PATIENTS AND METHODS
We studied 70 patients admitted to our hospital between September 2000 and April 2001 for HF, 35 with depressed left ventricular systolic function (group A) and 35 with preserved ventricular systolic function (group B). Heart failure was diagnosed according to the European Society of Cardiology criteria and based on the presence of symptoms and signs of HF with objective evidence of some structural or functional anomaly of the heart visualized on echocardiography. We excluded patients with renal insufficiency (plasma creatinine >2 mg/dL), liver, autoimmune, or bone metabolism disease, major trauma or surgery in the recent past (last 3 months), and extensive wounds. Thirty subjects with no heart disease were used as a control group. These subjects were of similar age, with no cardiac history, who had come to our office for an electrocardiogram prior to surgery.
The etiology of HF was considered ischemic if the patient presented coronary stenosis >70% on coronary angiography. Ventricular function was measured as of the fifth month (mean, 165 days) after the last hospitalization due to HF, when blood samples were taken to determine markers of myocardial fibrosis, in order to prevent possible influence by precipitating factors for heart failure and recent changes in therapy. The ejection fraction was calculated quantitatively using the Teicholz or Simpson methods when there were alterations in regional contractility. Ventricular function was considered to be depressed if the ejection fraction was <45%.10 The PIP and CITP determinations were performed twice using radioimmunoassay (Orion Diagnostica) at the Biochemistry Laboratory of the School of Medicine of Malaga, with the final value taken as the mean of the 2 determinations. All quantitative data are expressed as the mean ± standard deviation and qualitative data, as percentages. We performed a univariate analysis of between-group differences using the Student's t test for continuous variables and the chi-square or Fisher test for categorical variables. Statistical significance was set at a P value of less than .05 and SPSS 8.0 was used for the statistical processing.
RESULTS
The patients with HF in group B were older (mean age, 70.3 vs 63.8 years) and there were more women (68% vs 45%) and more patients with hypertension (91% vs 48%) than in group A (Table). In patients with ventricular dysfunction, the etiology was ischemic in 62% of the patients. The time of evolution prior to HF was similar in both groups (mean, 1.8 years).

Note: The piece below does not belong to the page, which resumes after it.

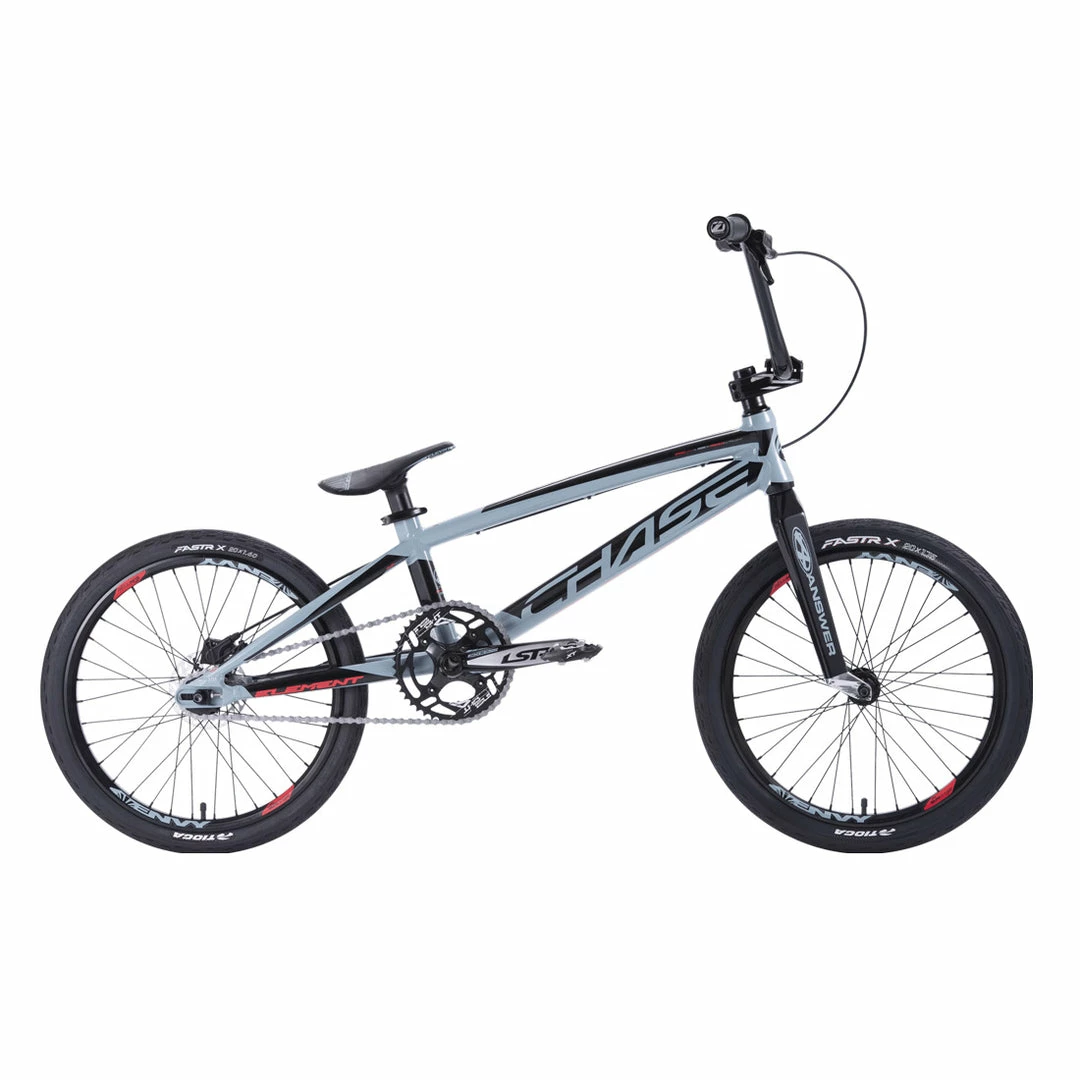 Chase Bicycles have gone and made for you the Chase 2022 Element Pro XXL BMX Race Bike-Black/Slate, a pro-level, high-end bike without the astronomical price tag you might have if you built a custom bike yourself. This bike has it all right out of the box. The frame is hydroformed 7005 T6 Alloy with an Answer Dagger Carbon fork sticking out the front. With an Excess crankset, Sun rims, and Tioga Powerblock tires rounding out the package. Stopping power lovingly provided by a hydraulic disk brake system.

Collagen Type I Synthesis and Degradation Markers
The mean PIP values were statistically higher for patients with HF than the control group (140±56.38 vs 113.66±36.6 μg/L; P=.01) (Figure). However, the differences between groups A and B or between these groups and the control group were not statistically significant (141.85±68.8; 138.17±40.83, and 113.66±36.66 μg/L, respectively).
Figure. C-terminal peptide of procollagen type I (PIP) in patients with HF and in control group.
We found no differences in mean CITP values between HF patients and the control group (2.89±2.37 vs 2.26±1.7 μg/L) and there were no differences in CITP values among patients who had HF, with or without ventricular systolic dysfunction.
DISCUSSION
Numerous observations indicate that the transition from compensating hypertrophy to HF is related to various cellular and tissue changes: loss of the number of cardiomyocytes due to both apoptosis and necrosis, changes in the motor unit and cytoskeleton of the cardiomyocytes and alterations in the extracellular matrix metabolism that leads to fibrosis of the myocardium.11 Under biomechanical stress conditions secondary to pressure overload or ischemia, cardiac fibroblasts are stimulated and increase the synthesis of collagen type I and III molecule precursors, resulting in the collagen fiber build-up that characterizes fibrosis, an effect further enhanced due to reduced collagen degradation caused by inhibition of myocardial collagenase due to hypertension or ischemia. In biopsies of patients with dilated cardiomyopathy, greater synthesis of collagen type I has been reported in patients with ventricular dysfunction versus those without, as well as a higher percentage of collagen type I than collagen type III, which shows greater rigidity.12 In hypertrophic cardiomyopathy, a predominance of synthesis on collagen type I degradation is also observed.13
As far as we are aware, this study is the first to analyze the relationship between the biochemical synthesis and degradation markers of collagen type I (PIP and CITP) in patients with HF. The results of our study appear to indicate differences in the collagen type I synthesis marker among the entire group of patients with HF compared to the control group, without differences in the collagen type I degradation marker. This suggests increased myocardial fibrosis in both types of HF with increased synthesis, without variations in collagen type I degradation.
It is well established that myocardial fibrosis in patients with hypertension is due to an increase in PIP values with normal concentrations of CITP, which favors myocardial fibrosis.14 Several therapeutic approaches based on drugs that control the major physiological stimuli on myocardial fibrosis--angiotensin II and aldosterone--(e.g., angiotensin receptor antagonists,14 angiotensin receptor antagonists15 or spironolactone16) are able to reduce the levels of collagen synthesis markers.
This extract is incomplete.